Beyond Hreflang: A New Model Of Market Governance

Executives need to see this for what it is: not an SEO bug, but a strategic governance gap.

AI search collapses boundaries between brand, market, and language. Without deliberate reinforcement, your local entities become shadows inside global knowledge graphs.

That loss of differentiation affects:

  • Revenue: You become invisible in the markets where growth depends on discoverability.
  • Compliance: Users act on information intended for another jurisdiction.

Equity: Your local authority and link capital are absorbed by the global brand, distorting measurement and accountability.

Why Executives Must Pay Attention

The implications of AI-driven geo drift extend far beyond marketing. When your brand’s digital footprint no longer aligns with its operational reality, it creates measurable business risk. A misrouted customer in the wrong market isn’t just a lost lead; it’s a symptom of organizational misalignment between marketing, IT, compliance, and regional leadership.

Executives must ensure their digital infrastructure reflects how the company actually operates, which markets it serves, which standards it adheres to, and which entities own accountability for performance. Aligning these systems is not optional; it’s the only way to minimize negative impact as AI platforms redefine how brands are recognized, attributed, and trusted globally.

Executive Imperatives

  1. Reevaluate Canonical Strategy. What once improved efficiency may now reduce market visibility. Treat canonicals as control levers, not conveniences.
  2. Expand SEO Governance to AI Search Governance. Traditional hreflang audits must evolve into cross-market AI visibility reviews that track how generative engines interpret your entity graph.
  3. Reinvest in Local Authority. Encourage regional teams to create content with market-first intent – not translated copies of global pages.
  4. Measure Visibility Differently. Rankings alone no longer indicate presence: track citations, sources, and language of origin in AI search outputs.

Final Thought

AI didn’t make geography irrelevant; it just exposed how fragile our digital maps were.
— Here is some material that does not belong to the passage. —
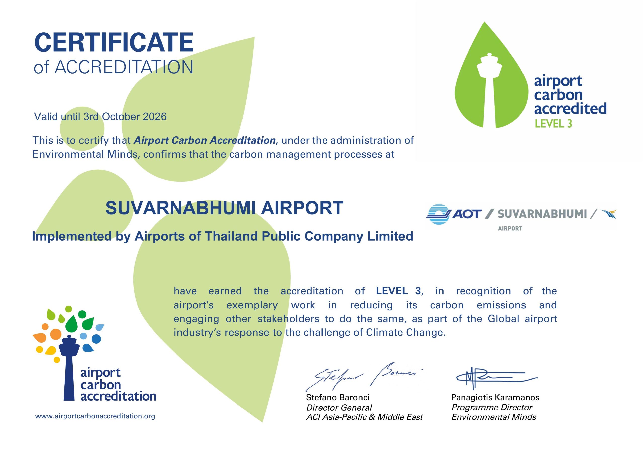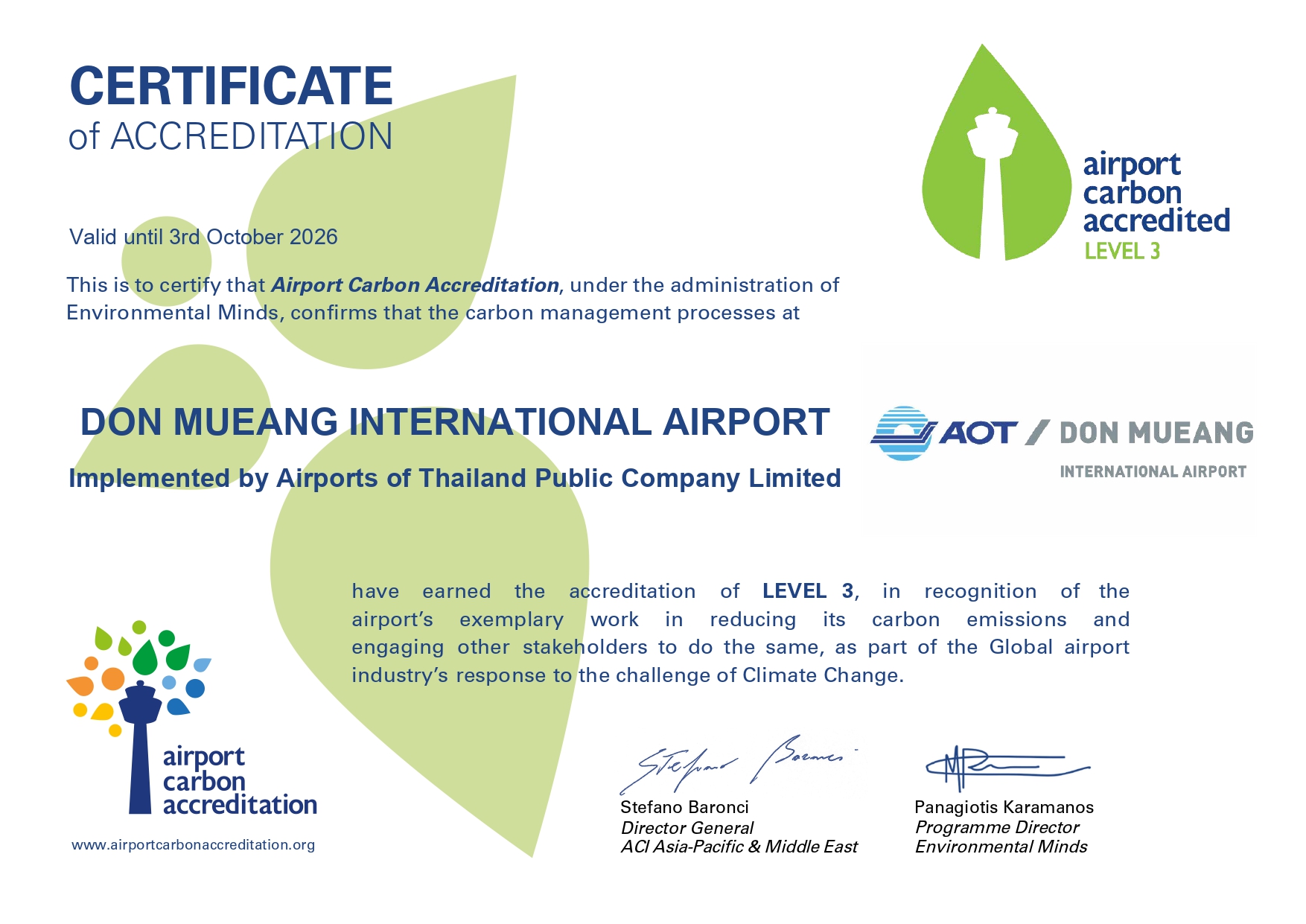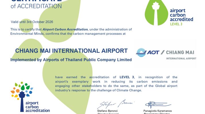*****บริษัท ท่าอากาศยานไทย จำกัด (มหาชน) (AOT) เดินหน้ารักษามาตรฐานความยั่งยืนด้านสิ่งแวดล้อมอย่างต่อเนื่อง โดยท่าอากาศยานสุวรรณภูมิ (ทสภ.) ท่าอากาศยานดอนเมือง (ทดม.) ท่าอากาศยานเชียงใหม่ (ทชม.) ท่าอากาศยานแม่ฟ้าหลวง เชียงราย (ทชร.) และท่าอากาศยานหาดใหญ่ (ทหญ.) ได้รับการรับรองตามโปรแกรม Airport Carbon Accreditation (ACA) ของ Airports Council International (ACI) ในระดับที่ 3 Optimisation ท่าอากาศยานภูเก็ต (ทภก.) ได้รับการรับรองในระดับที่ 2 Reduction

Hreflang, ccTLDs, and translation workflows gave companies the illusion of control.

AI search removed the guardrails, and now the strongest signals win – regardless of borders.

The next evolution of international SEO isn’t about tagging and translating more pages. It’s about governing your digital borders and making sure every market you serve remains visible, distinct, and correctly represented in the age of synthesis.

Because when AI redraws the map, the brands that stay findable aren’t the ones that translate best; they’re the ones who define where they belong.